Developing a Custom Transformation Component with Synchronous Outputs


Applies To: SQL Server 2016 Preview

Transformation components with synchronous outputs receive rows from upstream components, and read or modify the values in the columns of these rows as they pass the rows to downstream components. They may also define additional output columns that are derived from the columns provided by upstream components, but they do not add rows to the data flow. For more information about the difference between synchronous and asynchronous components, see Understanding Synchronous and Asynchronous Transformations.

This kind of component is suited for tasks where the data is modified inline as it is provided to the component and where the component does not have to see all the rows before processing them. It is the easiest component to develop because transformations with synchronous outputs typically do not connect to external data sources, manage external metadata columns, or add rows to output buffers.

Creating a transformation component with synchronous outputs involves adding an IDTSInput100 that will contain the upstream columns selected for the component, and a IDTSOutput100 object that may contain derived columns created by the component. It also includes implementing the design-time methods, and providing code that reads or modifies the columns in the incoming buffer rows during execution.

This section provides the information that is required to implement a custom transformation component, and provides code examples to help you better understand the concepts.

The design-time code for this component involves creating the inputs and outputs, adding any additional output columns that the component generates, and validating the configuration of the component.

Creating the Component

The inputs, outputs, and custom properties of the component are typically created during the ProvideComponentProperties method. There are two ways that you can add the input and the output of a transformation component with synchronous outputs. You can use the base class implementation of the method and then modify the default input and output that it creates, or you can explicitly add the input and output yourself.

The following code example shows an implementation of ProvideComponentProperties that explicitly adds the input and output objects. The call to the base class that would accomplish the same thing is included in a comment.

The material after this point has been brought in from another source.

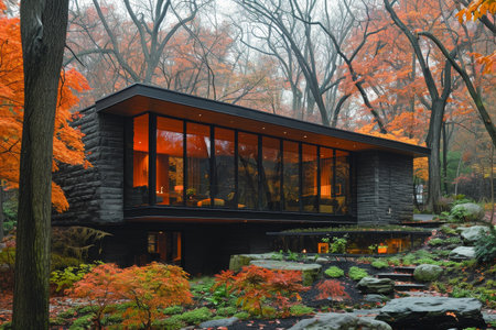 A long, modern house with large glass windows and a flat roof sits amidst an autumn forest. The scene features vibrant green lawns and colorful foliage in a natural setting. The image's composition, with its symmetrical lines and use of light, is suitable for various commercial and editorial applications.

Imports Microsoft.SqlServer.Dts.Pipeline  
Imports Microsoft.SqlServer.Dts.Pipeline.Wrapper  
Imports Microsoft.SqlServer.Dts.Runtime  
<DtsPipelineComponent(DisplayName:="SynchronousComponent", ComponentType:=ComponentType.Transform)> _  
Public Class SyncComponent  
    Inherits PipelineComponent  
    Public Overrides Sub ProvideComponentProperties()  
        ' Add the input.  
        Dim input As IDTSInput100 = ComponentMetaData.InputCollection.New()  
        input.Name = "Input"  
        ' Add the output.  
        Dim output As IDTSOutput100 = ComponentMetaData.OutputCollection.New()  
        output.Name = "Output"  
        output.SynchronousInputID = Input.ID  
        ' Alternatively, you can let the base class add the input and output  
        ' and set the SynchronousInputID of the output to the ID of the input.  
        ' base.ProvideComponentProperties();  
    End Sub  
End Class  

Creating and Configuring Output Columns

Although transformation components with synchronous outputs do not add rows to buffers, they may add extra output columns to their output. Typically, when a component adds an output column, the values for the new output column are derived at run time from the data that is contained in one or more of the columns provided to the component by an upstream component.

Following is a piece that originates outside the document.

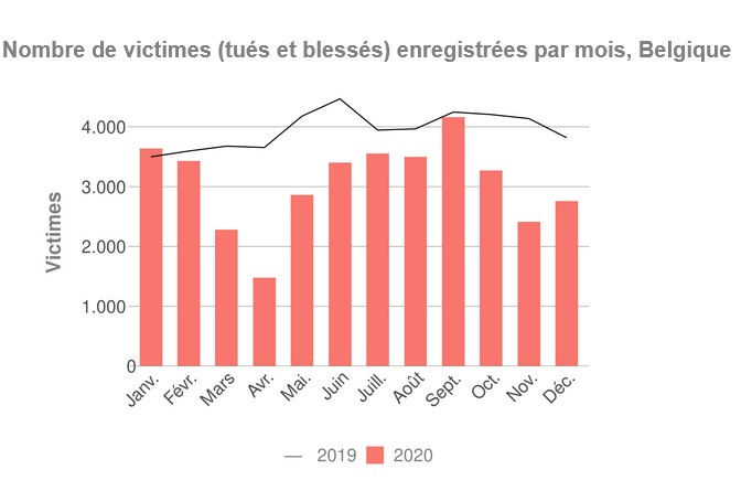 Selon le dernier baromètre de la sécurité routière de l’institut Vias basé sur les données de la Police fédérale, le nombre de tués sur les routes a baissé de 22% en 2020 par rapport à 2019 et le nombre de blessés de 23%. Ces diminutions sont évidemment imputables aux mesures de restriction en matière de déplacements, notamment en avril et en novembre. En dépit de cette baisse probablement due aux circonstances exceptionnelles, l’objectif fixé pour la décennie 2010-2020, à savoir réduire de 50% le nombre de tués sur les routes, n’a toutefois pas été atteint. On arrive néanmoins à une diminution de 40%. Parmi les tendances à surveiller, le seuil de 1000 accidents impliquant un cycliste a, pour la première fois, été franchi sur une année, tant en Wallonie qu’à Bruxelles, même si aucun décès n’est à déplorer dans la capitale.

After an output column has been created, its data type properties must be set. Setting the data type properties of an output column requires special handling and is performed by calling the SetDataTypeProperties method. This method is required because the DataType, Length, Precision, and CodePage properties are individually read-only, because each depends on the settings of the other. This method guarantees that the values of the properties are set consistently, and the data flow task validates that they are set correctly.

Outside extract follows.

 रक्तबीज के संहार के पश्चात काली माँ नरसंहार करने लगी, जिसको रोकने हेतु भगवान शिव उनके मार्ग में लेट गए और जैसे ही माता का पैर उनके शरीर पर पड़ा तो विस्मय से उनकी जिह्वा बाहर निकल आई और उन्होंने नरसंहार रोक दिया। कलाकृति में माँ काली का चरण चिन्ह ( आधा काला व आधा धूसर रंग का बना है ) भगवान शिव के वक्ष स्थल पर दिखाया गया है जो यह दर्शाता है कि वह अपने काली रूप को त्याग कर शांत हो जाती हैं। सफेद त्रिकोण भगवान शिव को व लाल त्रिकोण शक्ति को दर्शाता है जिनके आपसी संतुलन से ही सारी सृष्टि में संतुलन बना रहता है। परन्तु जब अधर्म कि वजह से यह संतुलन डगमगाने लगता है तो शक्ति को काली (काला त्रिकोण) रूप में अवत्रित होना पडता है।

The DataType of the column determines the values that are set for the other properties. The following table shows the requirements on the dependent properties for each DataType. The data types not listed have their dependent properties set to zero.

DT_DECIMAL0Greater than 0 and less than or equal to 28.00
DT_NUMERIC0Greater than 0 and less than or equal to 28, and less than Precision.Greater than or equal to 1 and less than or equal to 38.0
DT_BYTESGreater than 0.000
DT_STRGreater than 0 and less than 8000.00Not 0, and a valid code page.
DT_WSTRGreater than 0 and less than 4000.000

Because the restrictions on the data type properties are based on the data type of the output column, you must choose the correct Integration Services data type when you work with managed types. The base class provides three helper methods, ConvertBufferDataTypeToFitManaged, BufferTypeToDataRecordType, and DataRecordTypeToBufferType that assist managed component developers in selecting an SSIS data type given a managed type. These methods convert managed data types to SSIS data types, and vice versa.

Generally, the implementation of the run-time part of the component is categorized into two tasks—locating the input and output columns of the component in the buffer, and reading or writing the values of these columns in the incoming buffer rows.

Locating Columns in the Buffer

The number of columns in the buffers that are provided to a component during execution will likely exceed the number of columns in the input or output collections of the component. This is because each buffer contains all the output columns defined in the components in a data flow. To ensure that the buffer columns are correctly matched to the columns of the input or output, component developers must use the FindColumnByLineageID method of the BufferManager. This method locates a column in the specified buffer by its lineage ID. Typically columns are located during PreExecute because this is the first run-time method where the BufferManager property becomes available.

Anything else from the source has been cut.